# [TAXES] Brit working in US for US Company



## MindtheGAAP (Dec 1, 2014)

I'm thinking that Bev will know the answer to this scenario; I did a quick search for prior threads but don't believe it has been addressed specifically before.

I'm an Englishman living in Dallas currently (perm res), working for an exclusively American company. There's a project that I have been asked to consider (I'm a Consultant) that is located in London and would last approx. 4 months. I know there are tax rules for Americans working in England (182 days), but the basic question I have is:

As an Englishman, I'd technically be earning my compensation in England, from a US Company, getting paid through our standard (US) payroll system. Would I owe taxes on the income that was "earned" in London during this time? 

I want to be sure I don't short-change myself and incorporate any such liability into my discussion with my firm. 

Thanks all!


----------



## nyclon (Apr 3, 2011)

I've moved this to the tax forum.


----------



## MindtheGAAP (Dec 1, 2014)

Thanks Nyclon... Apologies for the mistake


----------



## Bevdeforges (Nov 16, 2007)

OK, as a permanent resident in the US, you pay your US taxes exactly the same as any other US taxpayer. And as you've outlined the situation, you would just pay your normal US taxes on whatever you were paid while working in the UK.

The "overseas earnings" provisions only kick in if you satisfy either the physical presence test or the bona fide resident test - both of which require a full year of being outside the US. 

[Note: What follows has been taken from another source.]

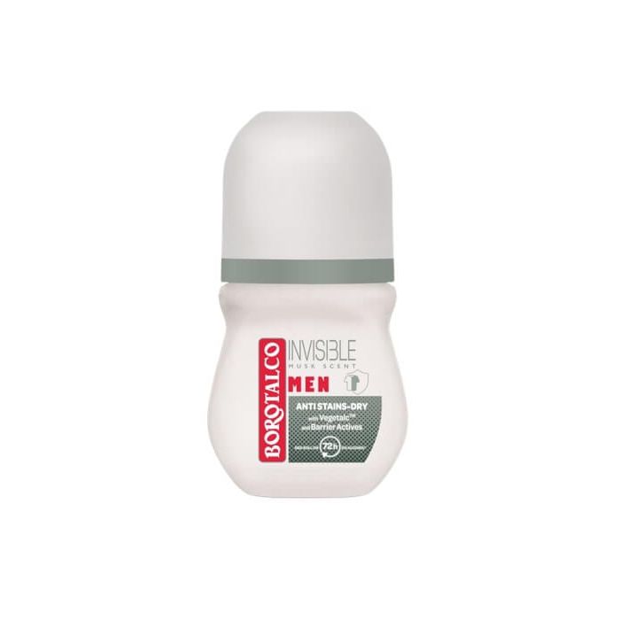 BOROTALCO Men Dry Amber Deo Roll On e део рол он за мъже, който осигурява пълна защита от изпотяване и петна. Ексклузивната формула, обогатена с Vegetalc™ – смес от натурални абсорбиращи пудри – и Barrier Actives: мрежа от невидими молекули, които улавят и не пренасят ореоли, миризми и петна върху дрехите, като същевременно осигуряват защита против изпотяване. Ефективен срещу бели и жълти петна, дори върху деликатни тъкани като ризи или сака. Бороталко Мен Драй Инвизибъл Мъск Део рол он за мъже има аромат, който е комбинация от ориенталски мускусни нотки, освежени от ароматен фужерен акорд, разкриващ фината изтънченост на благородните дървесни акорди на заден план. Ефикасност на дезодоранта до 72 часа. 0% алкохол. Дерматологично тестван.
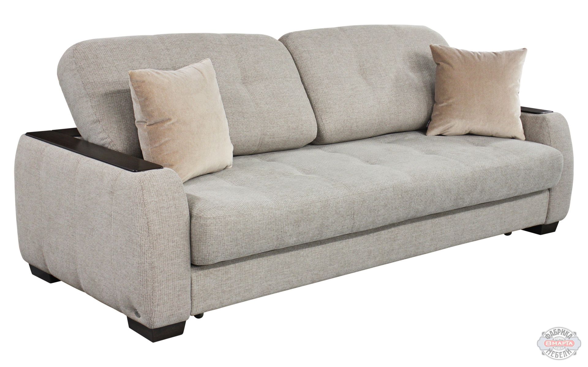 Прямой диван «Флиппер» – мебель, где нет ничего лишнего. Но, несмотря на лаконичный дизайн, модель выглядит стильно и элегантно благодаря утяжкам и мягким формам, а также декоративным накладкам на локотниках и спинке, которые можно использовать в качестве столиков.

I'm assuming you have already "checked out" of the UK tax system when you took up residence in the US. So you shouldn't wind up paying UK taxes on your salary while back there. I know the UK goes by the 183 day rule to some extent, but only for determining residence. For US purposes, it's not really applicable. You really have to be outside the country for a full year (well, 330 days in a 12 consecutive month period, or one full calendar year).
Cheers,
Bev


----------



## MindtheGAAP (Dec 1, 2014)

Bevdeforges said:


> I'm assuming you have already "checked out" of the UK tax system when you took up residence in the US. So you shouldn't wind up paying UK taxes on your salary while back there. I know the UK goes by the 183 day rule to some extent, but only for determining residence. For US purposes, it's not really applicable. You really have to be outside the country for a full year (well, 330 days in a 12 consecutive month period, or one full calendar year).


That is correct, Bev... Fully checked-out of the UK tax system (have been here in the US for 8+ years). So the take-away from this is that there is no impact to me except for jet lag and getting some airmiles..?

Just wanted to confirm - appreciate the reply!


----------